Invariance to size has been demonstrated for various aspects of human object recognition. For example, training with different-size exemplars provided similar benefits in an object naming task as training with same-size stimuli (Furmanski & Engel,
2000). Another study of object naming found that the magnitude of a priming effect did not depend on whether the sizes of prime and test stimuli matched (Biederman & Cooper,
1992). Efficiency of letter identification and reading rate are only weakly affected by changes in letter size (Legge, Pelli, Rubin, & Schleske,
1985; Parish & Sperling,
1991; Pelli, Burns, Farell, & Moore-Page,
2006).
The fact that the visual performance of human observers is found to be scale invariant can be interpreted as indicating that the underlying recognition processes must also be scale invariant. However, recent evidence suggests otherwise. Majaj, Pelli, Kurshan, and Palomares (
2002) have shown that the critical band of spatial frequencies for recognizing letters changes with letter size. Large letters are recognized with their details (higher frequency components) whereas small letters are recognized with their large strokes (lower frequency components), a finding that has been replicated by others (Chung, Legge, & Tjan,
2002; Oruc & Landy,
2009).
If object-recognition processes are inherently scale dependent, why do we not notice this in our everyday visual experience?
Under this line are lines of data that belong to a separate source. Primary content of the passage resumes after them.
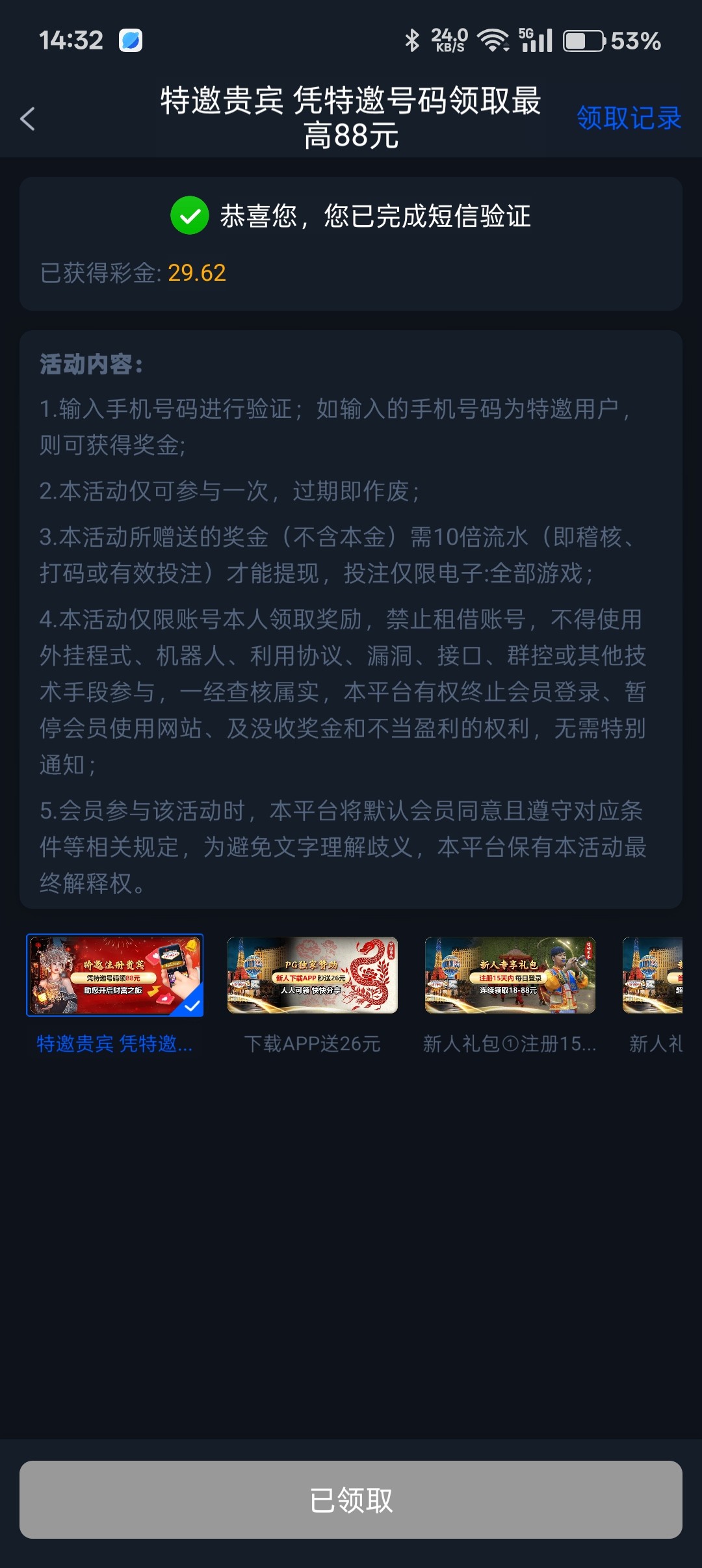 没打电话之前注册的,不送了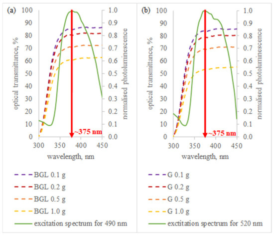 The optical transmittance characteristic of layers prepared with spray-coating method based on BGL (a) and G (b) pigments in isopropanol variant and the excitation spectrum of BGL (a) and G (b).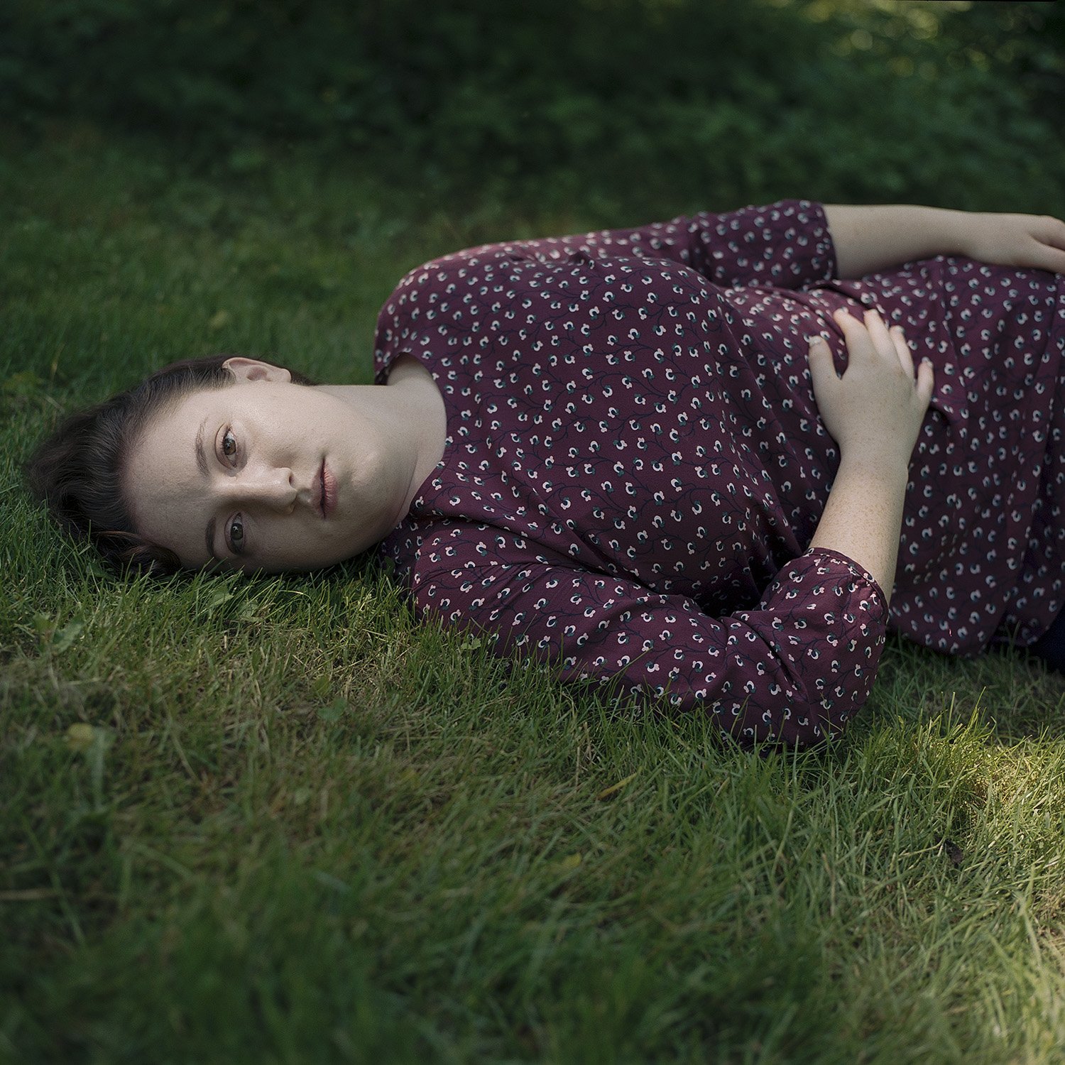 My photographs act as self-portraits. The figures are a physical embodiment of our entanglement with our past, collectively, and individually. Emerging from the lush landscape, the women and I look at one another as we begin to drop our facades, and for a few moments, understand each other perfectly. A window of alignment where all things superficial give way to vulnerability and strength.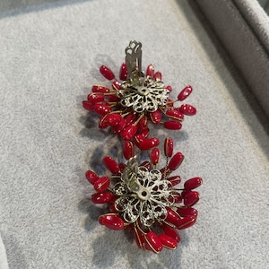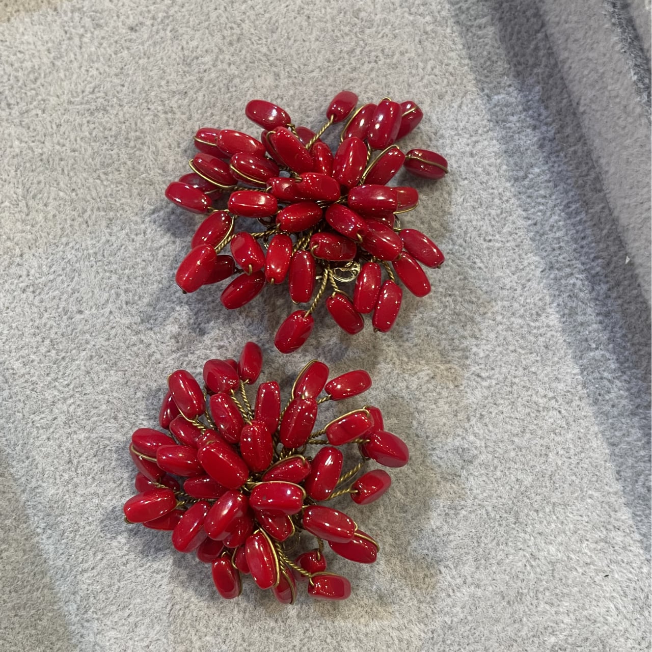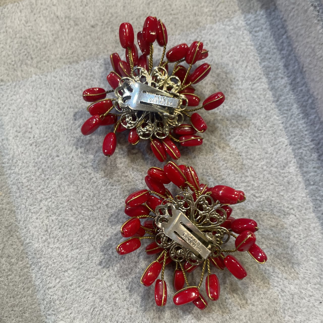 赤いビーズのヴィンテージイヤリング。軽くはない濃厚な赤で、きっとなかなか見つけられない赤。大人の女性に似合いそうなシックな雰囲気漂うイヤリング。イギリス買い付け品。
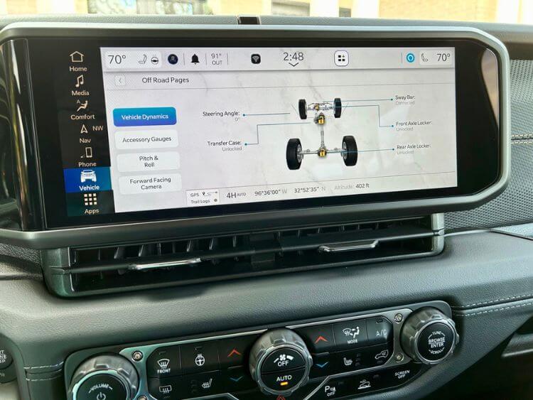 Center dash is the new 12.3” Uconnect 5 system which operates the Alpine sound system, navigation, apps, climate, Bluetooth, Wireless Apple CarPlay and Google Android Auto, voice activation, and vehicle settings. There is also a Wi-Fi hotspot that will run 8 devices at one time. The system works great and is very intuitive. The big screen also provides a backup camera and a front facing camera for climbing those big hills.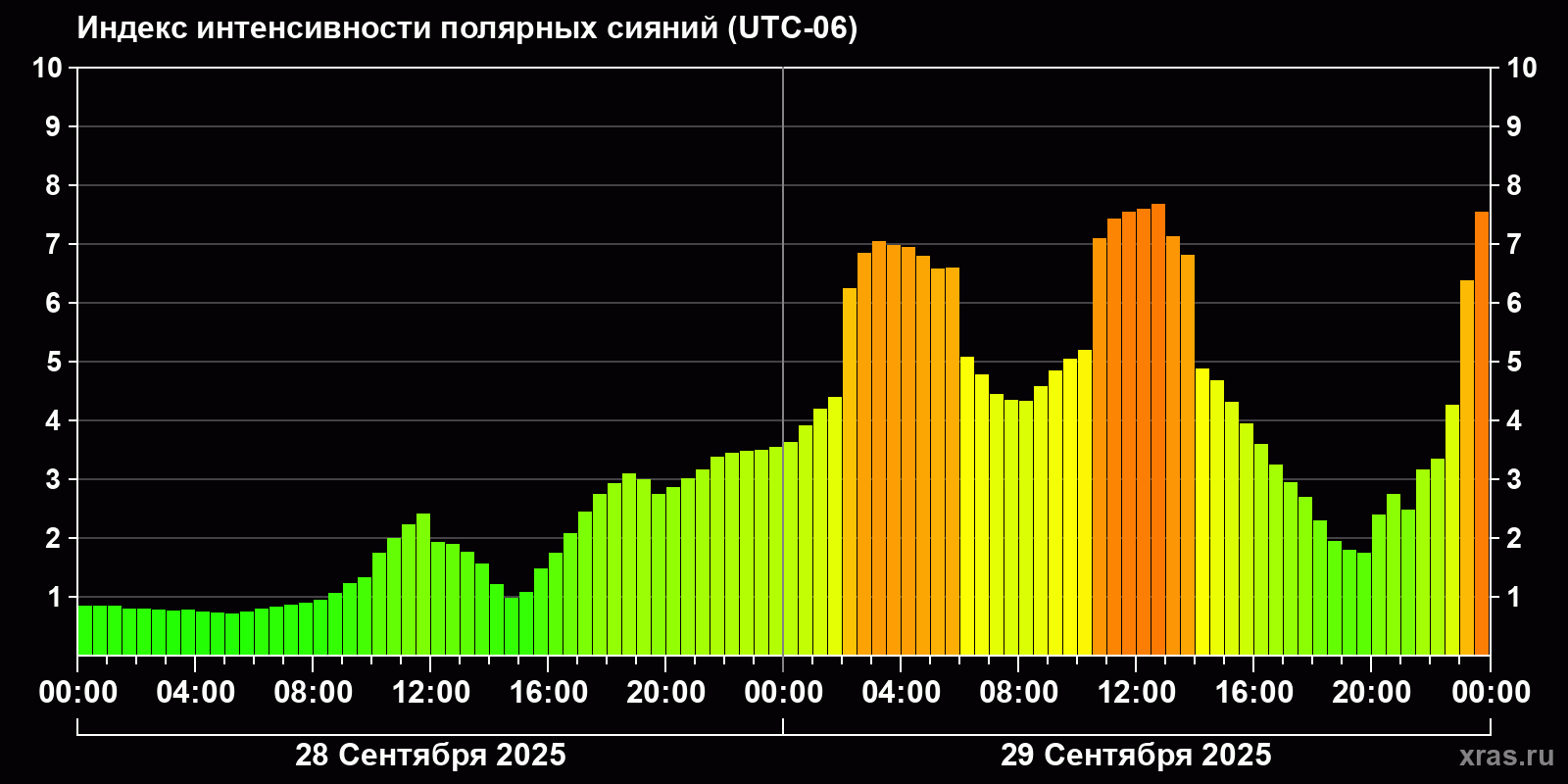 Изменения индекса интенсивности полярных сияний с 2025-09-28 по 2025-09-29 по местному времени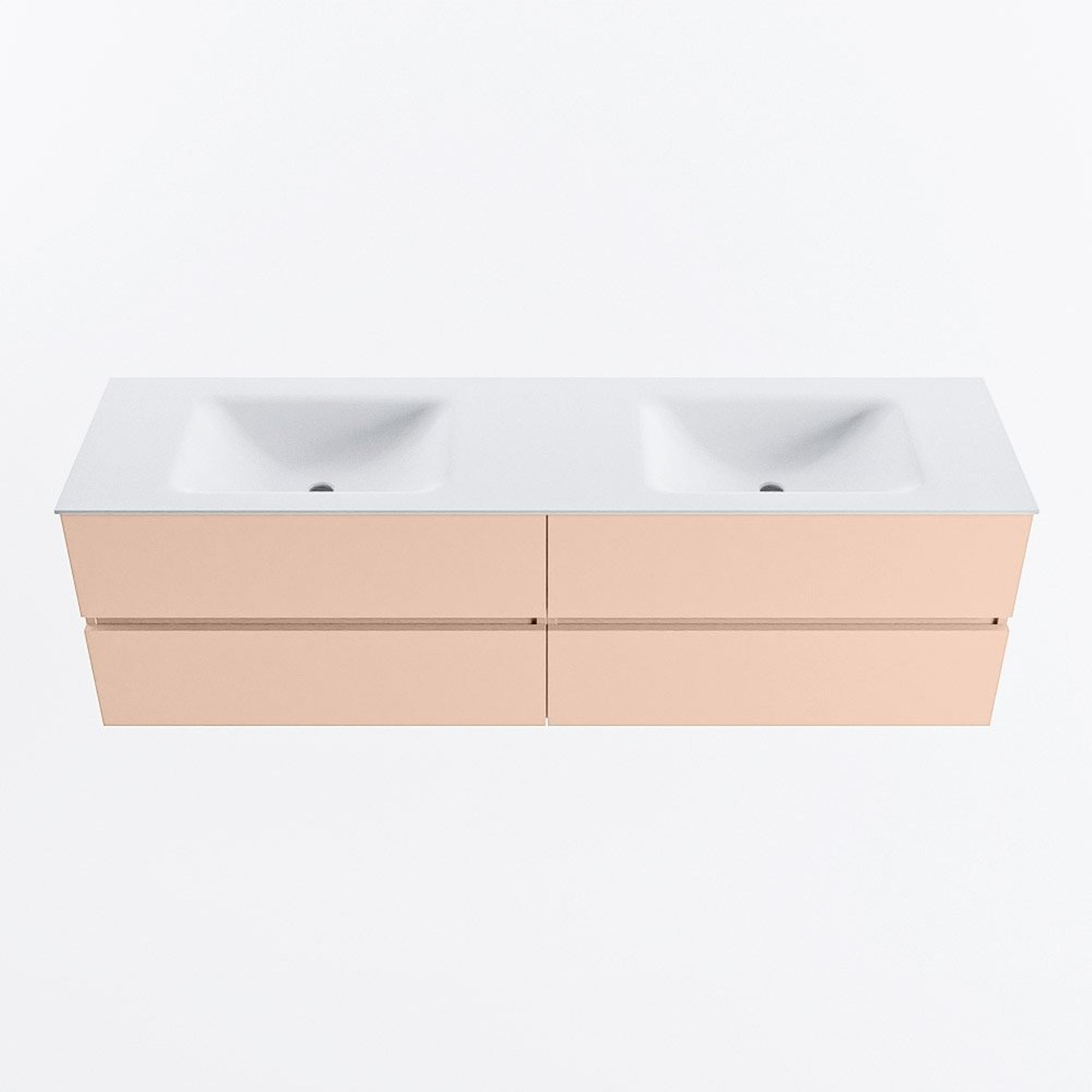 MONDIAZ Vica Badkamermeubelset - 170cm - onderkast rosee - 4 lades - wastafel cloud dubbel - 2 kraangaten - 60cm hoge versie - talc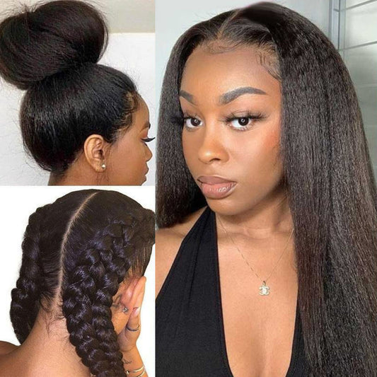Kinky straight 200% density glueless brazilian black wigs with baby hair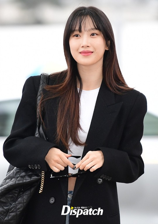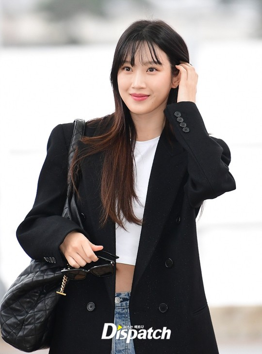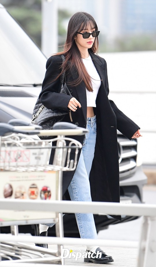 Moon Ga-Young looked chic and sophisticated in her airport fashion, matching a long black coat with denim jeans and a cute crop top.
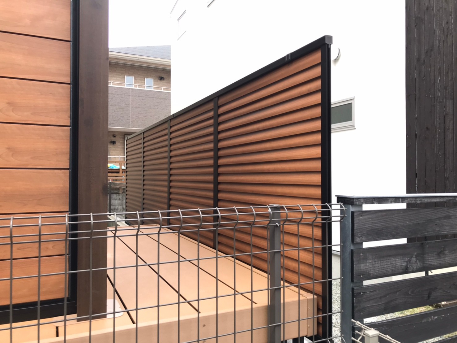 お隣さんからの視線も気になるということで、ハイタイプの腰壁・内側にロールスクリーン・敷地境界にフェンスを立てるなどして、プライバシーも確保しました。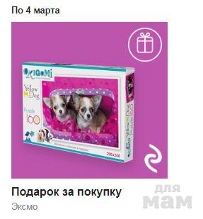 Акция Озон - пазлы от Эксмо в подарок.С 19 февраля по 4 марта 2018 выберите книги из раздела акции на сумму от 699 рублей и положите их в корзинуОформите заказПолучите пазлы в подарок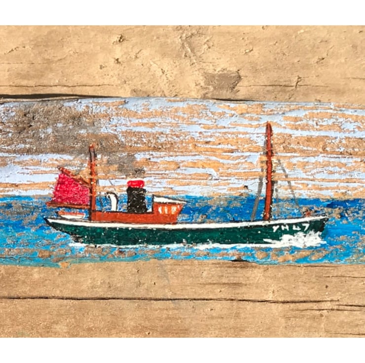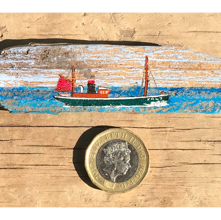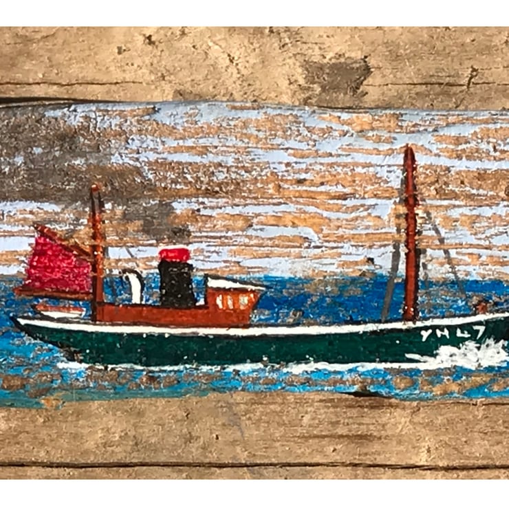 An old Steam Drifter fishing boat, as used by the East Coast Herring Fleet, painted on a small piece of driftwood.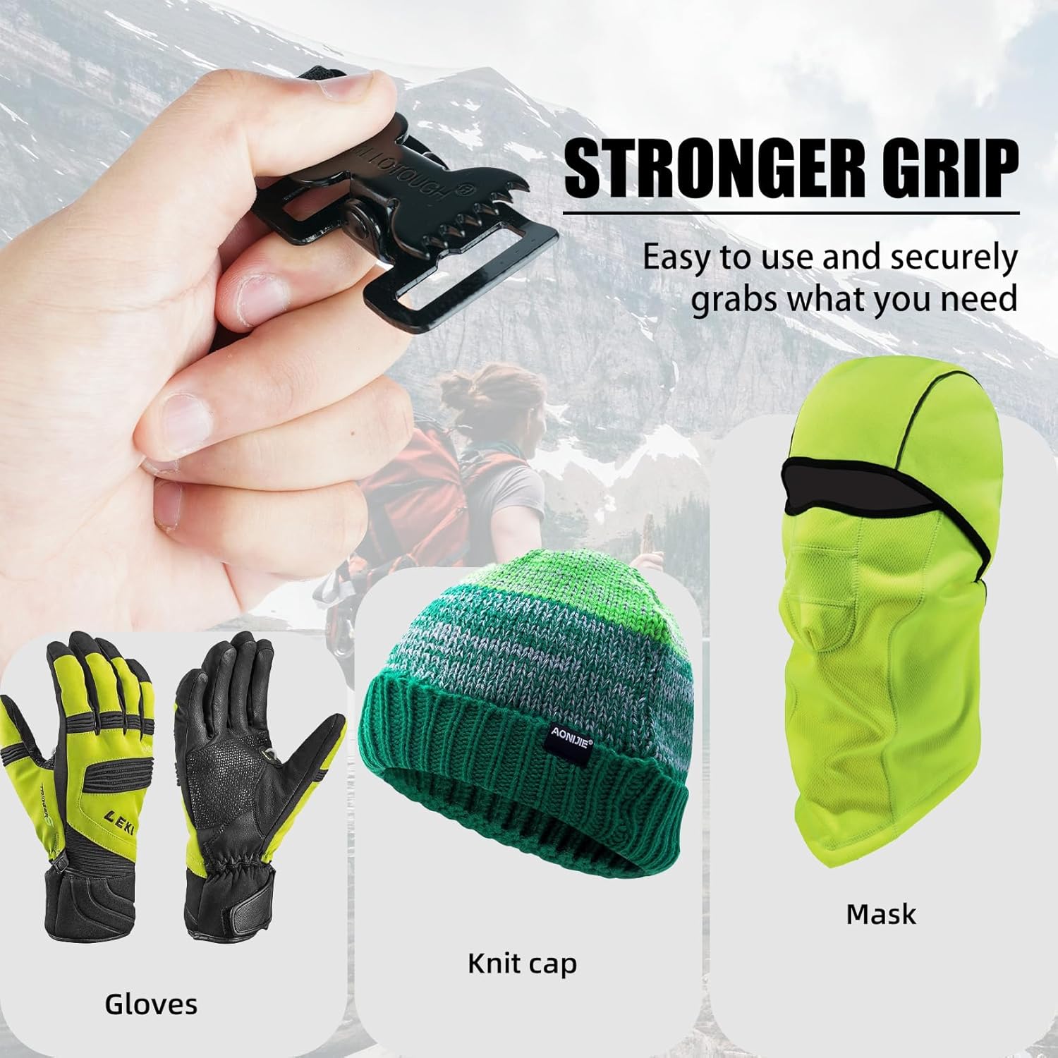 DOUBLE END DESIGN : Our tactical glove clips features a double ended design,you can use both ends to clip what you need. - WIDELY USED : Our glove clips can not only hold tactical gloves, but also welding sleeves, hats,helmet construction gloves, mittens, masks, etc. practical glove holder clip, you can enjoy your outdoor activities happily.

The hybrid images of Oliva, Torralba, and Schyns (
2006) provide an example where the scale-dependent nature of object perception is evident. Hybrid images are composites of multiple visual objects, each occupying a separate frequency band. Scale-invariant processing would mean that the percept of hybrid images would be the same regardless of image size. In reality, at different sizes different components of the hybrid image dominate the overall percept. For example, in
Figure 1 most viewers report seeing Botticelli's Venus in the large image at the top, and the iconic “Love” image by Robert Indiana in the small image at the bottom. Actually, these two images are identical, simply printed at different sizes, which can be verified by standing 3–5 m away from the page or screen and observing that
Love replaces
Venus in the larger top image at this far viewing distance. Designing hybrid images that work requires knowledge of preferred, or critical, frequency bands for the component visual objects at various sizes and provides phenomenological evidence of scale dependence in our object recognition system. Such demonstrations are valuable for illustration purposes but do not provide proof of scale dependence. The most convincing evidence instead comes from systematic psychophysical experimentation (Chung et al.,
2002; Chung & Tjan,
2009; Majaj et al.,
2002; Oruc & Landy,
2009).
It was initially assumed that scale dependence reflected constraints on visual contrast sensitivity in human observers (Chung et al.,
2002; Oliva et al.,
2006; Oruc,
2003; Oruc, Landy, & Pelli,
2006). This account is based on the shape of the contrast sensitivity function (the CSF-based account), i.e., the fact that human sensitivity for very low and high spatial frequencies is limited compared to middle frequencies. Changes in object size can thus render some frequency components of an object hard to detect. For example, higher frequency components of a letter may be easily discerned when the letter is large, but when the letter is small these components will be located in even higher spatial frequencies as far as the retinal image is concerned, frequencies to which humans are far less sensitive. The pattern of scale dependence in human observers is in qualitative agreement with the predictions of the CSF-based account, in so far as the changes in preferred frequencies are in the expected direction (Chung et al.,
2002; Oruc,
2003; Oruc et al.,
2006). However, this account has recently been challenged. For example, one can make contrast sensitivity relatively equivalent across all spatial frequencies, i.e., obtain a considerably flatter CSF, by the addition of external white noise. Insensitivity to a particular spatial frequency is often modeled through the presence of higher internal noise in the neural processing of that stimulus (Ahumada & Watson,
1985). In other words, for higher and lower spatial frequencies, internal noise exceeds that for the middle frequencies. Consequently, the addition of high-power external white noise to the stimuli swamps the internal noise and the relatively minor differences in the internal noise become negligible. As a result, thresholds for all frequencies are raised considerably, and the characteristic shape of the CSF is rendered relatively flat. If the CSF-based account is correct, addition of external white noise should eliminate scale dependence, but it does not (Oruc & Landy,
2009), a finding that demonstrates that scale dependence has a deeper origin than low-level constraints on contrast sensitivity.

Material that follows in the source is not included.